Certo, forse lei aveva più bisogno dell'aiuto di Gaison, eppure non riusciva ad accettare il suo abbandono. Perché il problema non era tanto il fatto che se ne fosse andato, ma che le avesse mentito. Davvero credeva che lei non lo avrebbe accettato? Pensava seriamente che lei avrebbe cercato di trattenerlo con la forza o peggio, che avrebbe tentato di ucciderlo? Era offensivo, e si sentiva denigrata.

Poi però c'era stato quell'abbraccio. Quel gesto che loro non avevano mai condiviso, forse perché non aveva mai davvero avuto bisogno di conforto nell'Arena. Al contrario di lei, a quella bambina serviva protezione, e forse un punto di riferimento.

Così Miranda deglutì silenziosamente e si sforzò di sorridere per le telecamere, perché se per caso lei fosse morta e Gaison avesse vinto, nel filmato dei giochi avrebbe visto che aveva compreso il suo gesto nonostante non fosse riuscita ad accettarlo pienamente.

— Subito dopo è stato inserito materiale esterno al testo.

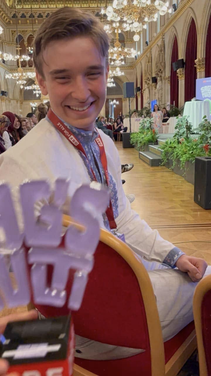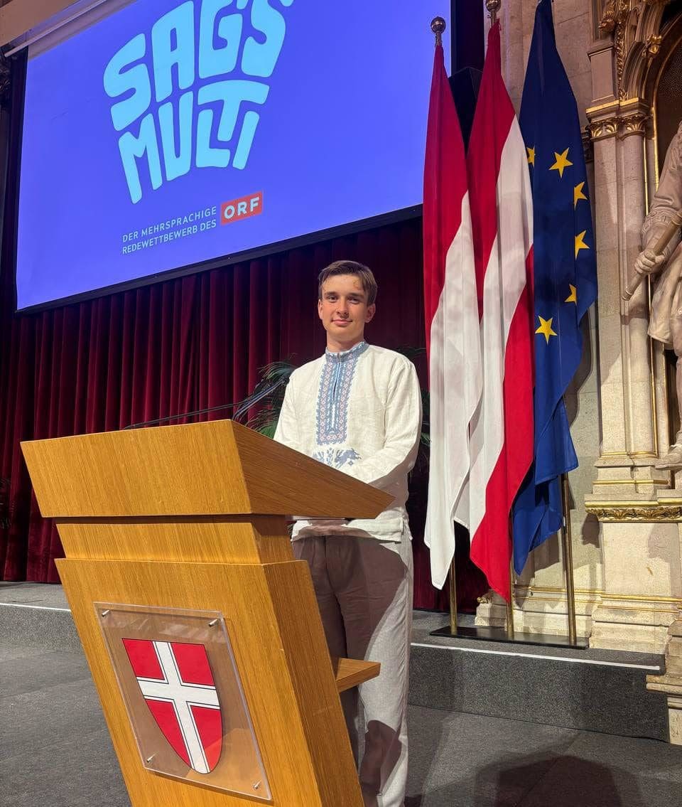 Святослав Колодій — хлопець із Тернополя, який став фіналістом престижного мовного конкурсу в Австрії. За три роки він не лише опанував німецьку мову на високому рівні, а й написав поетичний твір, що вразив журі своєю глибиною та відвертістю. Конкурс проходив під егідою центрального австрійського телебачення ORF, а нагородження відбулося в урочистій атмосфері у знаменитій залі Ратуші у Відні. Про це повідомила мати (засновниця етномайстерні “Коза Дереза” (Koza Dereza Manufacture) Вікторія Колодій.
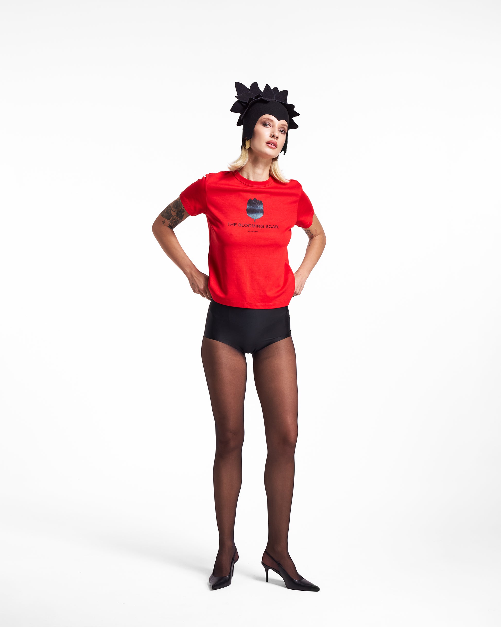 A statement T-shirt in an intense shade of red, featuring a black tulip printed at the center — a symbol of passion, pain, and rebirth.
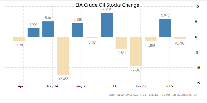 ATFX期市分析:隔夜黄金原油双双上涨,等待美联储决议交出答卷 7月25日行情回顾: 美国期金收报每盎司1963.70美元,上涨0.1%; 美国原油期货上涨0.89美元,结算价报每桶79.63美元; 小麦期货价格升至五个月高点,达到7.77美元/蒲式耳; 11月交割的大豆期货下跌0.4%,至14.19美元/蒲式耳。 美国原油期货隔夜录
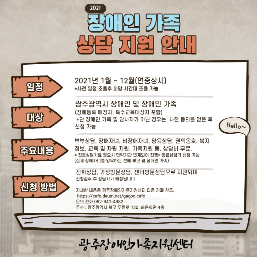광주장애인가족지원센터는 장애인 가족의 삶의 질 향상 및 안정적인

Si morse un labbro ed estrasse un coltello, quello che aveva vinto a Gaison, e lo lasciò a terra, ai piedi al muro dietro cui si era nascosta per origliare.

Se ne andò senza guardarsi indietro, senza dargli l'addio che avrebbe voluto, senza poterlo nemmeno ringraziare per tutto ciò che aveva fatto per lei. Girò l'angolo a testa bassa, sgattaiolando silenziosamente verso il piano superiore e sperando che prima o poi quel senso di abbandono se ne sarebbe andato.

Larev stava radunando tutte le provviste e le armi da lui utilizzabili, preparandosi a lasciarsi alle spalle quell'alleanza. Non si sentiva in colpa, no.

Si diceva che quella strana sensazione di malessere era legata a qualcosa che aveva mangiato, oppure al clima a lui non congegnale. Certo, doveva essere così, non c'era altra spiegazione.

Si passò una mano tra i capelli e sospirò, dopodiché iniziò ad indossare le armi. Era così sovrappensiero che non si accorse della chioma rossa e spettinata di Miranda che spuntava dalle scale e che gli veniva incontro. Si rese conto della sua presenza quando si trovava ad un centinaio di metri da lui, ma cercò di mantenere la calma.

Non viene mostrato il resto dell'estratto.